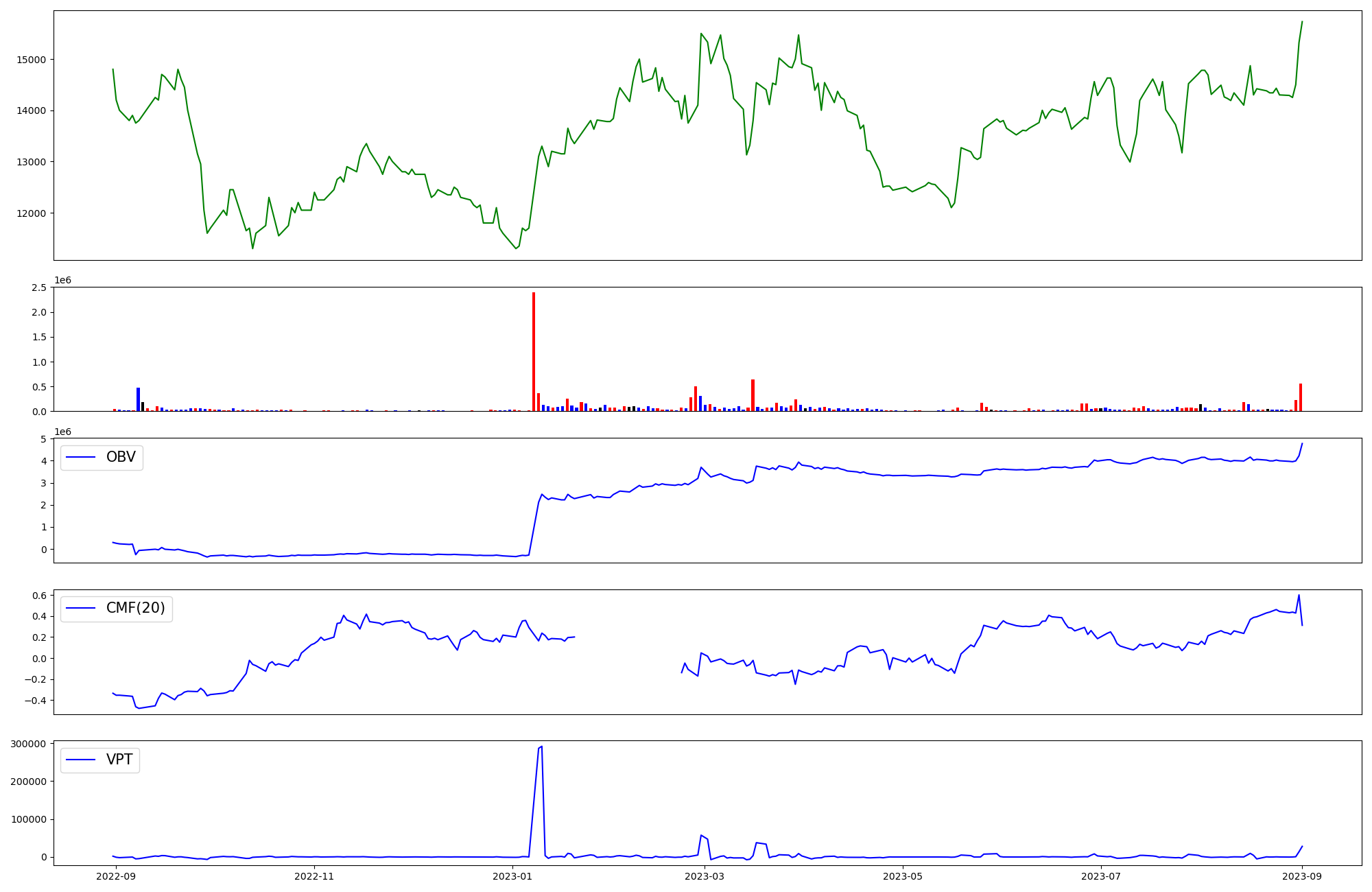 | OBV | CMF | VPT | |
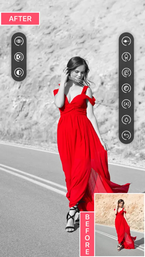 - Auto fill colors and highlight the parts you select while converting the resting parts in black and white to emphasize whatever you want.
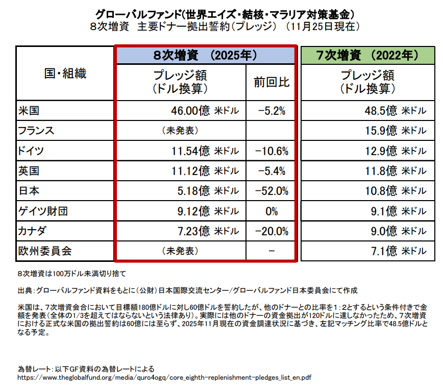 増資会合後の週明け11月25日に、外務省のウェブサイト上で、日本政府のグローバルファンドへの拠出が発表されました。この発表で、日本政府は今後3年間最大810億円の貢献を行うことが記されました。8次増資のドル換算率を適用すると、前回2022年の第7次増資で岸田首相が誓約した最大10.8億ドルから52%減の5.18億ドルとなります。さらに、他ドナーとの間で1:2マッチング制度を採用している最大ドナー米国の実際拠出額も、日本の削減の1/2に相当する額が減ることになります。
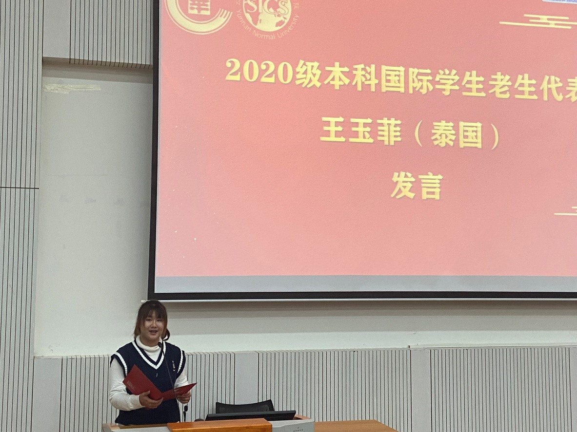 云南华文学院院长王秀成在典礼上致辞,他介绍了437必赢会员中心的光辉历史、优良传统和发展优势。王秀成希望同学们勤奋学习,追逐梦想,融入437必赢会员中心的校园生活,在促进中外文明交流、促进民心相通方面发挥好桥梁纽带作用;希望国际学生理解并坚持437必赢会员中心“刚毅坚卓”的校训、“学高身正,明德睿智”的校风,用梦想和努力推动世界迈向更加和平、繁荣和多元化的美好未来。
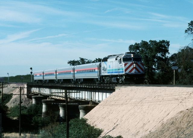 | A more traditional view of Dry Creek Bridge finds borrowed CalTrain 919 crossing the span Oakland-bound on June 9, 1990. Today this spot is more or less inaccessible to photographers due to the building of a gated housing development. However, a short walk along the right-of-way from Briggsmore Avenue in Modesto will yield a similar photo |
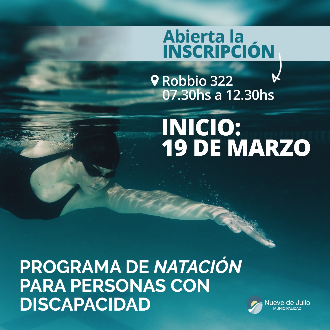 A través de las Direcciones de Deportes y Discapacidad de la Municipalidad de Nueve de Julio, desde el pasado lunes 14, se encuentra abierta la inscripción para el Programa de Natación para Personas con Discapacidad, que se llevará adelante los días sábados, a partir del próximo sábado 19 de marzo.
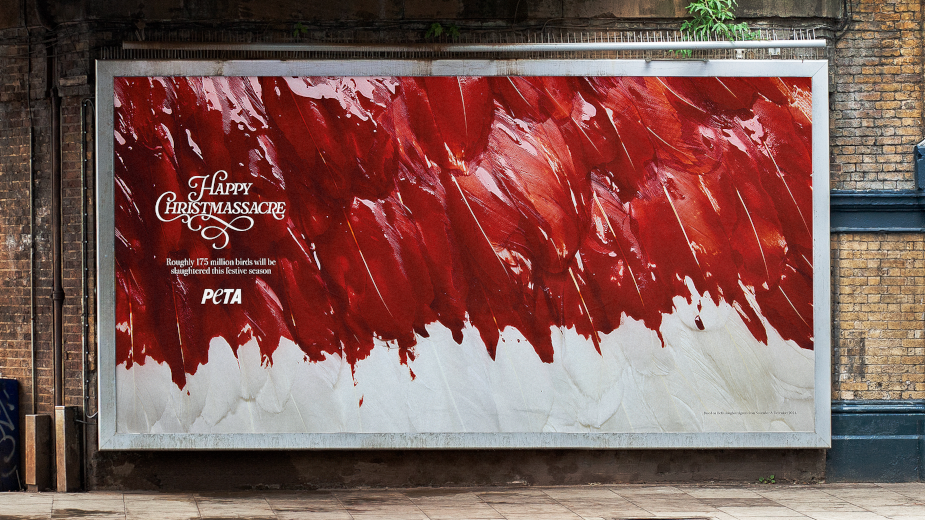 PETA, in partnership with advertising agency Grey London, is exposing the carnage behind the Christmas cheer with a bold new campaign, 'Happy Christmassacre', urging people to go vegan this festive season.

.....

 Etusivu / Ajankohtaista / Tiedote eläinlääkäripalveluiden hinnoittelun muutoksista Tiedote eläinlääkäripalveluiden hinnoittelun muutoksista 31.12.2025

.....

*What to work on:* In the listing above, find the line with "A través de" and the line with "PETA, in partnership". Transcribe those two and everything between, exactly, leaving out pictures.

*Output below:*
 A través de las Direcciones de Deportes y Discapacidad de la Municipalidad de Nueve de Julio, desde el pasado lunes 14, se encuentra abierta la inscripción para el Programa de Natación para Personas con Discapacidad, que se llevará adelante los días sábados, a partir del próximo sábado 19 de marzo.
 PETA, in partnership with advertising agency Grey London, is exposing the carnage behind the Christmas cheer with a bold new campaign, 'Happy Christmassacre', urging people to go vegan this festive season.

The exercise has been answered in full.